Le parc Frédéric-Back: un bain de nature en ville

Équipe éditoriale C2

Vous cherchez à vous sentir dépaysé sans sortir de Montréal? Cap sur le parc Frédéric-Back et son décor épuré. Vous vous sentirez tantôt dans un champ loin de la ville, tantôt sur une autre planète. Admirez l’étendue vaste du terrain, son horizon lointain, ses falaises et ses collines. Fermez les yeux. Entendez-vous l’urubu fendre l’air de ses battements d’ailes? Le soleil qui fait danser les tournesols? Le pas rythmé des coureurs résonner?  De quoi oublier que vos deux pieds sont posés sur une montagne de déchets ensevelis sous un ambitieux projet de revitalisation. 

 

Entre deux trous, on pourrait faire quelque chose

Revenons en arrière. Saint-Michel s’est développé entre deux crevasses. Dans les années 1920, deux carrières étaient situées à quelques kilomètres l’une de l’autre. D’un côté, la carrière Miron, qui exploitait du calcaire, et à l’autre bout, la carrière Francon, où on y extrayait de la pierre. La première s’est transformée en site d’enfouissement de déchets avant de devenir le parc Frédéric-Back, et la deuxième recueille aujourd’hui les neiges usées de la ville. Au centre : un quartier qui continue de se développer.

 

Saint Frédéric Back

C’est en 2017, dans le cadre du 375e anniversaire de Montréal, que le parc a été inauguré. Plusieurs s’attendaient à ce que Saint-Michel se retrouve dans le nom officiel. La révélation de Frédéric-Back a été une surprise, mais il a tout de suite fait un large consensus. Le nom convenait parfaitement à l’histoire de réhabilitation environnementale du parc, qui reflète aussi l’engagement environnemental dans l’œuvre du cinéaste de «L’homme qui plantait des arbres», gagnant de deux Oscar™.

 

L’homme qui a planté un pin

Une œuvre d’art nommée Anamnèse 1 +1, créée en deux ans par l’artiste Alain Martin-Richard, s’impose dans le parc. C’est un immense cube fait de pièces d’aluminium coulées à partir de moulage de tissus récupérés chez les résidents du coin. Il a également planté un pin gris à l’intérieur du cube, pour laisser la nature reprendre possession de l’espace. Ce qu’elle a d’ailleurs fait. Étant donné que le parc repose sur des millions de tonnes de résidus et que sa terre ne permet pas de faire pousser certaines végétations, le choix du pin gris était audacieux, les conditions étant extrêmes. Le pin n’a pas tenu la route, il a été remplacé depuis par un vinaigrier, déjà très présents sur le site.

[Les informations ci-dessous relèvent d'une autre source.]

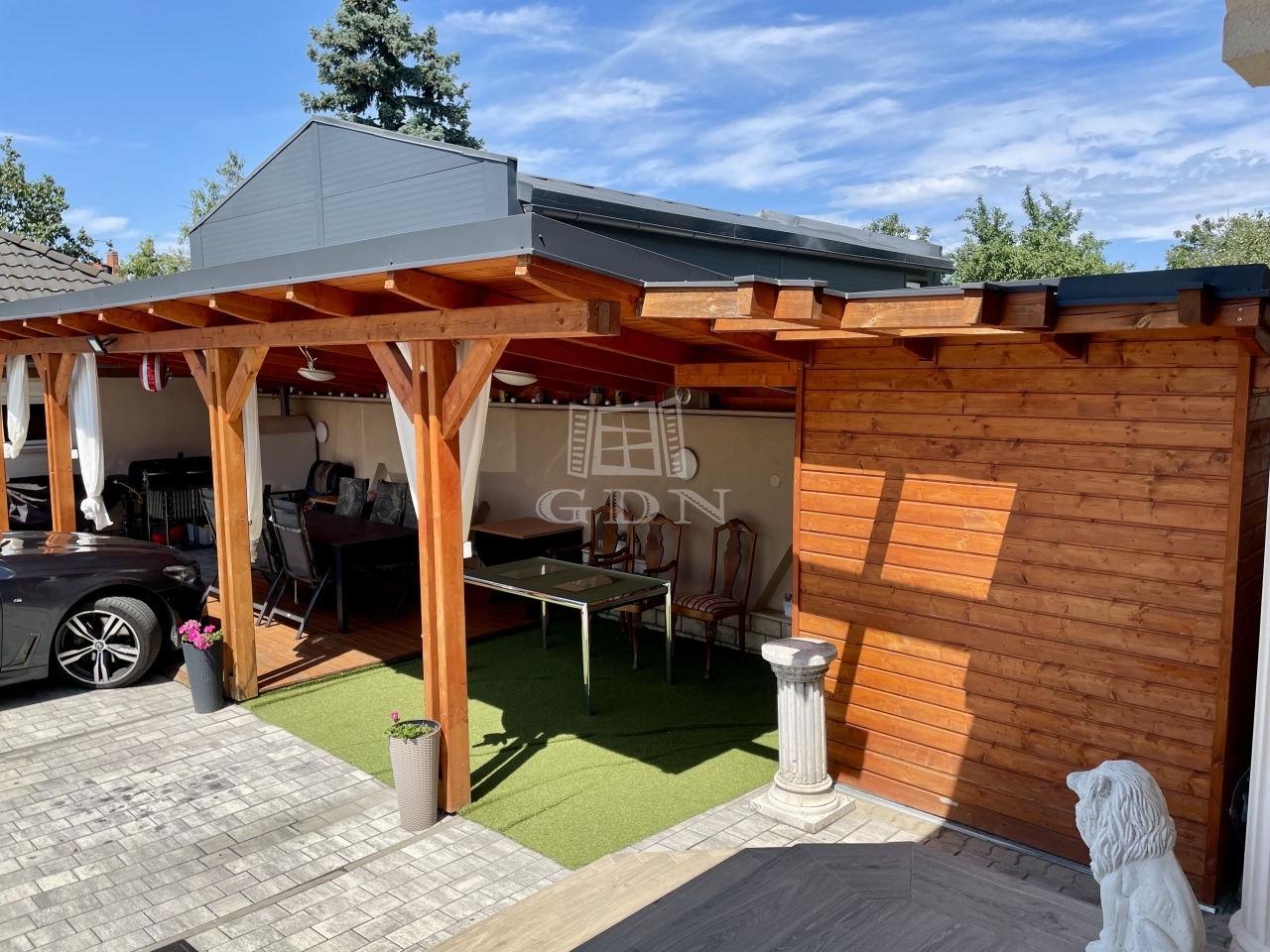 - A konyhából lehet kijutni a nagyobb (12 m2-es) teraszra, amin át megközelíthető az udvar hátsó része: a plusz gépkocsibeállók, a garázs a kisebb épülettel, illetve a nagyméretű, minden igényt kielégítő nyári konyha.

On y trouve d’ailleurs une faune et une flore très diversifiées. Les ornithologues amateurs seront comblés, plusieurs oiseaux de proie ont été observés, dont l’urubu, la crécerelle d’Amérique et même le faucon pèlerin. À part les lièvres et les marmottes, les coyotes ont aussi élu domicile au parc. C’est un animal sauvage duquel on ne doit pas s’approcher et qu’il ne faut pas nourrir, mais l’objectif est de cohabiter avec lui et non de le chasser.

En plus des vinaigriers, on trouve de nombreux arbustes, des tournesols et des plantes qui forment un paysage s’apparentant davantage à un champ où la nature règne sans obéir. Mais tout a été réfléchi. Le parc envisage également d’accueillir un lac où poissons et pédalos cohabiteront.

 

Couchers de soleil au clair de dune

Du côté est s’étend le paysage futuriste avec ses champs parsemés de sphères blanches. La route mène à un belvédère permettant d’observer le Mont-Royal et l’oratoire Saint-Joseph. L’endroit est propice aux rendez-vous galants sous le coucher de soleil. La peinture phosphorescente des sphères rend le moment encore plus idyllique, dans une ambiance feutrée, sans tomber dans l’obscurité.

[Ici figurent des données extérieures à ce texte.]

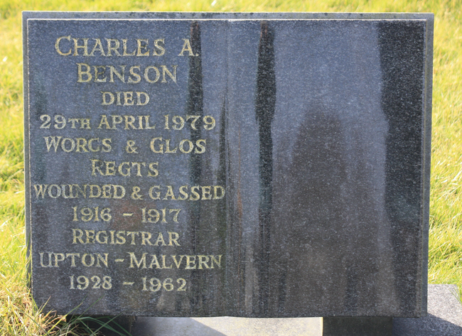 Charles Benson was Registrar for Upton upon Severn and Malvern from 1928-1962.
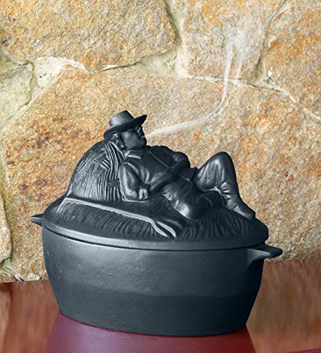 Studio : Plow Hearth Publisher : Plow Hearth Binding : Kitchen Product Description Plow Hearth exclusive - our cast iron wood stove steamer with Sleeping man is the perfect way to add much needed moisture to winter's dry air. Plus, it adds some humor to your decor with a design that says it's OKAY to Fall asleep on the job. When set atop your wood stove, steam will begin to escape from the the snoozer's mouth, just like he's snoring. The timeless design is perfect for your favorite napper! this cast iron steamer holds 21/2 quarts of water so it won't run dry when left on the stove overnight. The matte porcelain enamel finish resists rust and helps preserve its appearance. Size: 12"l x 7"W x 9"H. 0

Ces nombreuses sphères au design moderne relient un réseau de tuyaux ensevelis, et servent à capter le biogaz dans le sol, pour le rediriger vers l’usine Biomont, qui brûle le méthane pour le transformer en énergie. Le méthane est 28 fois plus polluant que le CO2, il est donc primordial de le capter et ne pas le libérer à l’air libre. Cette énergie transformée sert même à chauffer une partie de la TOHU, pavillon d’accueil du parc.

 

La tohu vous souhaite la bienvenue

La TOHU offre d’ailleurs un grand nombre d’activités gratuites à l’année dans le parc, que ce soit des visites guidées, des cours de yoga, de tai-chi, le prêt de vélos, de trottinettes ou de skis de fond. Les cinq kilomètres du parc peuvent être parcourus de multiples façons, il suffit de réserver en ligne.

Qui a dit qu’on devait sortir de l’île pour respirer l’air de la nature?